Updated: July 17, 2019
Good system troubleshooting tools are everything. Great tools, though, are harder to find. Luckily, Linux comes with a wealth of excellent programs and utilities that let you profile, analyze and resolve system behavior problems, from application bottlenecks to misconfigurations and even bugs. It all starts with a tool that can grab the necessary metrics and give you the data you need.
Health-check is a neat program that can monitor and profile processes, so you can identify and resolve excess resource usage - or associated problems. Where it stands out compared to the rest of the crowd - it aims to offer many useful facets of system data simultaneously, so you can more easily component-search your systems, troubleshoot performance issues and fix configuration mishaps in your environment. Rather than having to run five tools at the same time, or do five runs to get all the info you need, you just use health-check, and Bob's your distant relative. Good. All right, ready? Proceed.
Health-check in action
Before we run the utility in anger, a few small notes. One, you need sudo privileges to run this tool, although you can run the actual application in the context of other users on the system (with the -u flag). Two, you need some understanding of how Linux works to make use of the results - I have a whole bunch of articles on this topic, linked farther below.

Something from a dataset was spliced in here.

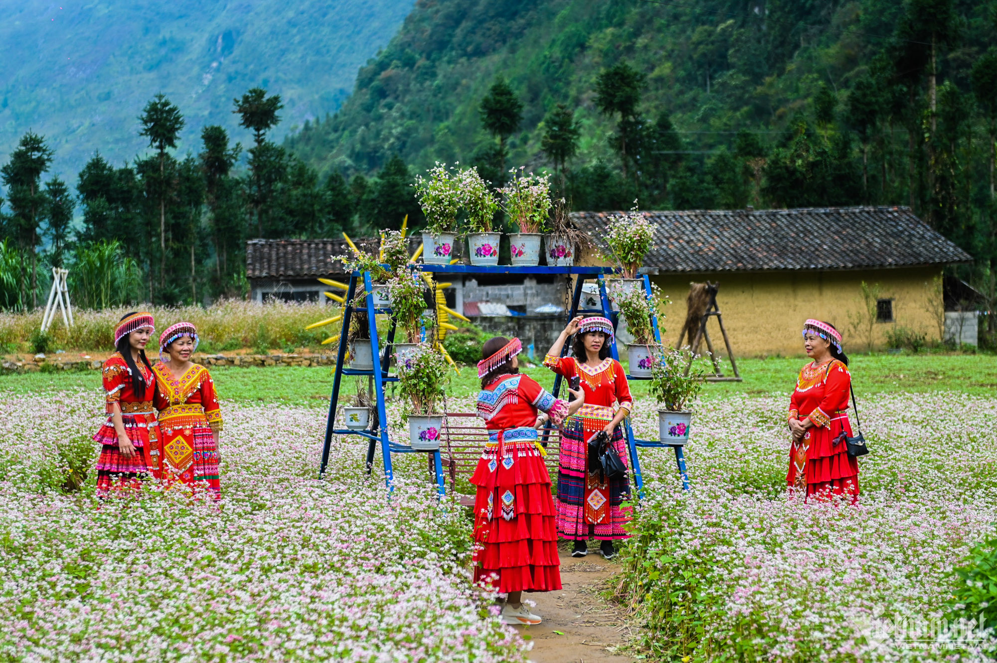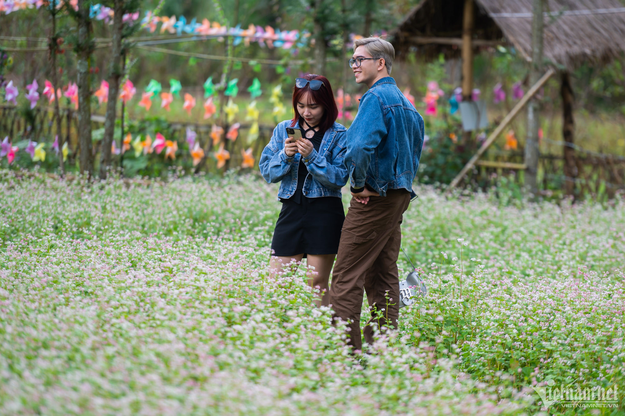 Tại làng văn hoá du lịch Lũng Cẩm, xã Sủng Là, nhiều tiểu cảnh được dựng trên cánh đồng hoa tam giác mạch. Khi vào đây tham quan, khách phải trả phí từ 10.000 đồng/lượt.

In essence, as I've outlined just a moment ago, health-check blends functionality from a variety of programs under one umbrella. It nicely blends elements that you would get if you run netstat, lsof, vmstat, iostat, and examined various structs under /proc and /sys. This is somewhat like dstat, which combines the power of vmstat, iostat and ifstat. You can start with the simple run (-b flag):
sudo ./health-check -u "user" -b "binary"
There's going to be a lot of output, even in this "brief" mode, something like:
CPU usage (in terms of 1 CPU):
User: 34.24%, System: 13.30%, Total: 47.54% (high load)
First, you get basic CPU figures, normalized per core (100% = 1 full core). Health-check has internal thresholds by which it will indicate whether this is low, moderate or high load. This is just to give you a sense of what you should expect. The specifics will depend on the type of application and workload you're profiling. There will be differences between GUI and command-line tools, software that reads from a database to one that does not, software with a large number of shared libraries, the use of hardware, etc.
Page Faults:
PID
Process
Minor/sec Major/sec Total/sec
1043 google-chrome
16156.46 0.25 16156.71
We talked about page faults at length in the past (links in the more reading section below). If you don't know what your application is supposed to be doing, the numbers won't tell you much on their own. But they can be very useful for comparative studies, like two different programs of the same type, or two different versions of the same program, or the same program running on two different platforms.
Context Switches:
13687.53 context switches/sec (very high)
The context switch value indicates how often the kernel relinquishes the runqueue and switches between tasks. For interactive processes (like the browser), which have a user-interactive component, you do actually want as many context switches as possible (the tasks run as little as possible), because you don't want these tasks hogging the processor. In fact, long computation is a sign of batch jobs. Here, having few context switch could be an indication of an issue with an interactive (GUI) application like the browser.
File I/O operations:
I/O Operations per second: 312.80 open, 283.49 close, 768.71 read,
410.83 write
The I/O values are useful if you have a baseline, and they also depend on the underlying I/O stack, including the hardware, the bus, the driver, the filesystem choice, and any other disk operations running at the same time.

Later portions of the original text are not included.